Виктор рьяно отстаивал свое право на обличающее дельцов от искусства слово, но, благодаря своевременному вмешательству Григория и Веры, до потасовки с вышибалами у него не дошло. К тому же внимание подручных Макаронова переключилось на Греховникова, у которого проблем явно было побольше, чем всего лишь нужда высказать наболевшее. Владелец кафе с удовольствием проучил бы зарвавшегося экскурсовода, а через него добрался бы и до своего соперника в борьбе за благосклонность Сони Лубковой, однако присутствие Пети Чура сдерживало его. Поэтому он лишь надменно пообещал не тронуть Виктора, если его уведут из кафе.
Питирим Николаевич и Руслан выбежали на улицу. Следом за ними с торопливостью, но не панической, не похожей на бегство, удалились Коптевы и московский гость. У выхода посетители, видевшие катастрофу Плинтуса, и подоспевшие охранники занимались бесчувственным телом издателя.
— Этого еще не хватало… — проворчал Макаронов и, взяв руководство самозванным консилиумом на себя, распорядился перенести раненого с пола в гардероб и уложить там на лавку.
Голова Льва Исаевича была в крови, под опущенными веками чувствовалось трагическое столкновение с другой действительностью, в которую этот человек с тревогой и мучительными сомнениями всматривался внутренним взором; вообще-то его лицо было абсурдной мешаниной морщин, жировых складок и мешочков и особой выразительностью никогда не отличалось, но сейчас в нем произошло удивительное упорядочение и вместо обычной умильно-жалостливой гримаски проступило нечто строгое и даже глубокомысленное. Макаронов велел одному из охранников вызвать «скорую помощь». Общее волнение как будто улеглось, но прежнего веселья как не бывало. Люди угрюмо пили и закусывали, вполголоса обсуждая нарушившие приятную атмосферу вечера происшествия. Даже Петя Чур как-то притих, и вино, которым он продолжал усиленно накачиваться, больше явно не радовало его. Макаронов имитировал поиски напавших на издателя, хотя не сомневался, что тех давно и след простыл.
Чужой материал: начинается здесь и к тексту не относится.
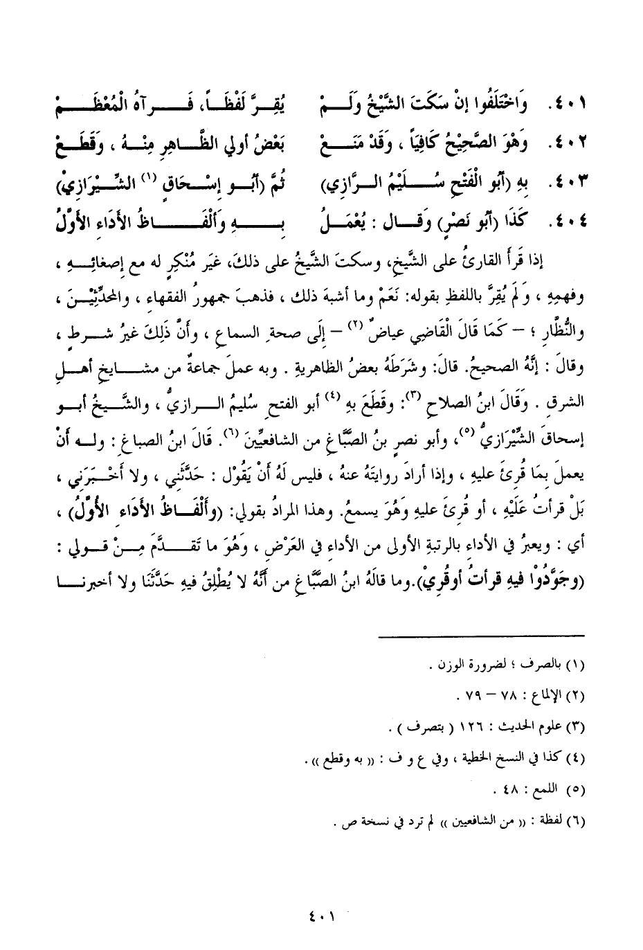 404.... كَذَا (أبُو نَصْرٍ) وَقال: يُعْمَلُ ... بِهِ وَألْفَاظُ الأَدَاءِ الأَوَّلُ

Артисты вернулись к прерванному ужину. Но кусок не шел в горло. Красный Гигант долго приглядывался к кругам, синевшим на лбу Голубого Карлика, и наконец спросил:
— Ты думаешь, это серьезно, Антон Петрович? Ну, эта печать… и насчет посвящения… Думаешь, браток, это самая что ни на есть доподлинная инициация и вообще особая культура мэрии в обращении с нами, а не шутка и хрен собачий?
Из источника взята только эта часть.